Да, перед нами — картина Климова. По чертежам Ларисы, но поправленным и выровненным его рукой. Могло ли быть иначе? Можно ли петь чужим голосом, даже если и очень постараешься? Это удается только фокусникам-имитаторам. И зря рецензент «Литературной газеты» корил Климова, сталкивая его разом и с Распутиным, с одной стороны, и с Шепитько — с другой. Она бы, мол, сделала оптимистическую картину, без заклятий и молитв, без иконки на стволе дерева, не то ли она обещала, приступая к работе?
Есть благие обещания, и есть логика замысла. Ожидать от постановщика «Крыльев» и «Восхождения» бодрячества, «правильной» трактовки? Не верю, что кому-то могло это прийти в голову. Нет, тут другое, похуже — живому, для суетных, сиюминутных целей, колют глаза мертвой. Благо она не может возразить.
Так ведь может! И кадрами, и речами, и строками воспоминаний тех, кто еще помнит ее.

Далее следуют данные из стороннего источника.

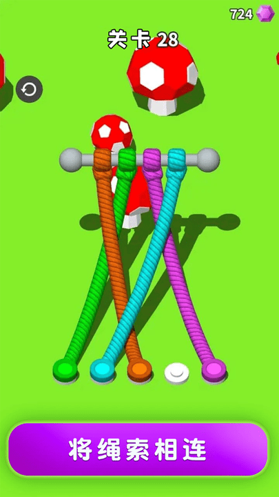 2、色彩识别与空间规划相结合,每根绳索都需要找到专属路径。看似杂乱的绳结中暗藏规律,培养玩家的观察力。

Я сказал на творческом вечере в Политехническом, ставшем вечером ее памяти, что для меня самое главное в ней — способность самопрограммироваться, без чего не бывает большого художника, поразительно развитый инстинкт самосозидания, когда плоть наглядно, год от года, истончалась, переформировывалась под духовным крепнущим диктатом.

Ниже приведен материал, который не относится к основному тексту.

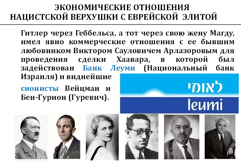Соглашение Хаавара, которое мы рассматривали, даёт следующую информационную и экономическую цепочку: Гитлер – Геббельс – Магда Геббельс – Хаим Арлозоров (из пригорода Сум) – очень известные сионисты Вейцман (из Гродно) и Бен-Гурион (Гуревич из Житомира). Также соглашением Хаавара занимался еврей Макс Мориц Варбург из очень богатой банковской семьи Варбургов, партнеров евреев Ротшильдов. Вот она, связь, которую разорвать невозможно. Эти люди были тесно связаны через эту цепь.

Слова эти неосторожны — их можно понять как проповедь аскезы, этакого воспитания «несмотря» на жизнь. Так, наверное, никогда не бывает. Во всяком случае, с Ларисой было не так. Она становилась тем большим художником, чем яснее торопливые книжные премудрости ломались от мудрости живой жизни, чем больше благополучное и богатырски здоровое существо обращалось в страдалицу.
В двухчастевке под названием «Лариса», блистательно и многослойно смонтированной, как стихи высочайшей пробы, есть такой эпизод: персонажи ее картин обращаются, с криками, стонами, воплями, жестами страдания, к ней — к своей создательнице. Падает на колени отчаявшийся Рыбак — Гостюхин, плачет Кемель — Шамшиев, остекленели глаза Сотникова — Плотникова, жалобно смотрит Петрухина — Булгакова… А она, вроде бы самовольно обрекшая их на эти мучительства, сидит в уютном кресле, в изящном платье, и в краешке губ ее улыбка, не то чтобы безмятежная, но как бы отрешенная, отстраненная. Музыкальный взрыв договаривает, чем это кончилось — расплатой, болью за всех.
Кинокадры и фотографии сложились в метафорическую конструкцию, нисколько не фантастическую, а скрупулезно верную, только в ином, житийном, а не обиходном плане. Художник страдает, сопереживая своему персонажу. Но при этом не раз горько упрекает себя, что его страдание — несравнимо, вплоть до своего рода вины перед героями…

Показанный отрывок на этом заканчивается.